If a memory allocation request made using cudaMallocAsync can’t be serviced due to fragmentation of the corresponding memory pool, the CUDA driver defragments the pool by remapping unused memory in the pool to a contiguous portion of the GPU’s virtual address space.

This text indicates that what I observe is actually bug behavior, and not expected.


another edit:

So I played with it for a while, and the issue seems to actually be with how the memory pool is (not) extended, as was mentioned in the post I mentioned. Per my observation and the response in the post, the pool cannot extend itself. If there are 10GB of free memory remaining in the pool, but an allocation requires 12GB, the pool is extended by another 12 GB, instead of only 2GB.

Per my observation, if the pool has extended e.g. from 10GB by 20 GB to 30GB, a 30GB allocation then succeeds without an issue, so the pool seems to not be fragmented, it just grows weird.

And for a workaround, querrying how much free memory is available and alloc-free-ing 99 % of that amount at the start of the program fixes the strange behavior.

Another observation (on a 40GB GPU):

alloc(30) to create a 30-GB mempool
free(30)
alloc(10), will be at the start of the pool
alloc(15), will be in the middle of the pool
free(10)
current pool (virtual addresses): | 10GB free | 15GB occupied | 5GB free
alloc(12), fails, even though there are 15 GB in the pool and 25GB total free

So fragmentation is actually an issue.
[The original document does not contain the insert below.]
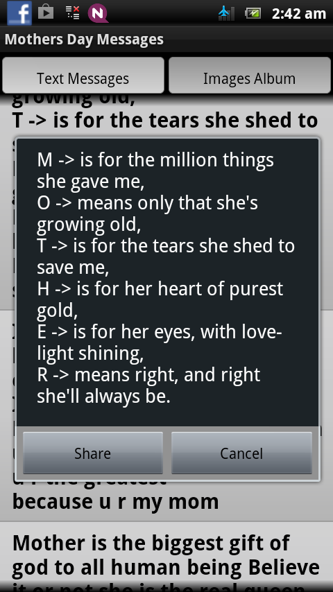 If you are looking to download other versions of Mother's Day Messages Android App, We have 1 version in our database. Please select one of them below to download.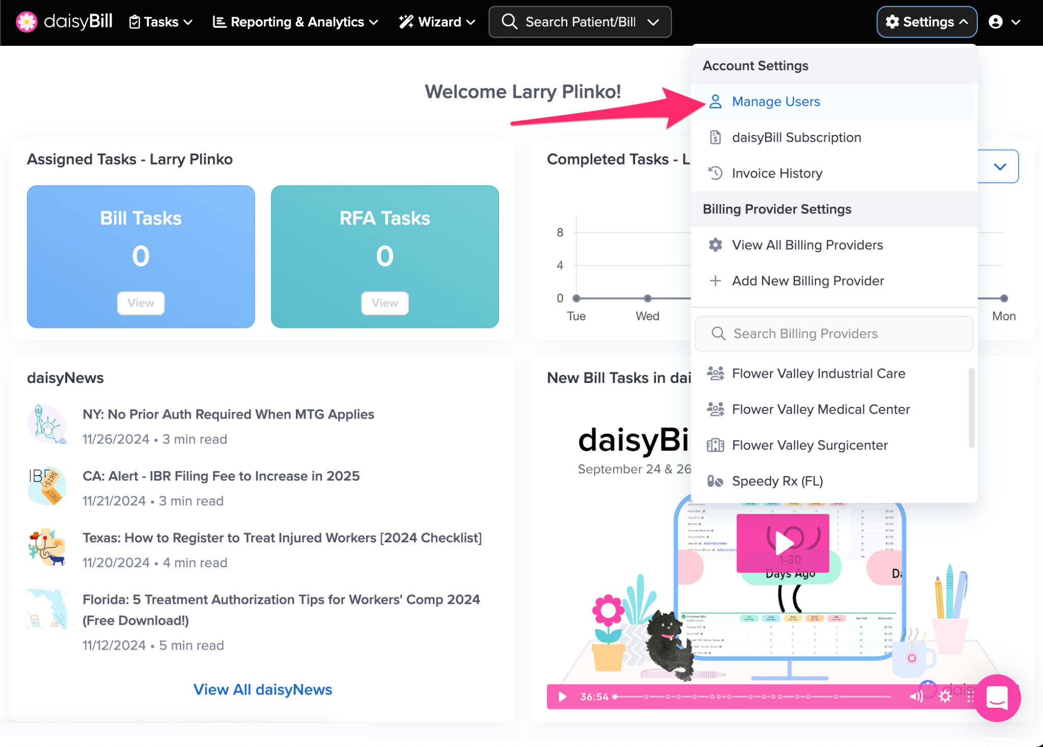 Use the Manage Users Setting to invite, update, and manage User roles across your daisyBill account.

This seems to contradict what I cited from the cudaMallocAsync blog post.

My main issue here is - from the programming guide and the blog post, cudaMallocAsync looks like a silver bullet that solves all your problems. But the drawbacks I just experienced are not mentioned anywhere.

The memory reuse was the main thing I needed from cudaMallocAsync, but it failed me bad.

1 Like

Disclaimer: I replied in the linked post, and talking about memory pool internals is still just my guess work.

Another work-around for this behavior is to synchronize the stream after deallocation.

This probably guarantees to the pool that the physical memory is no longer accessed by the GPU and could safely be remapped if necessary.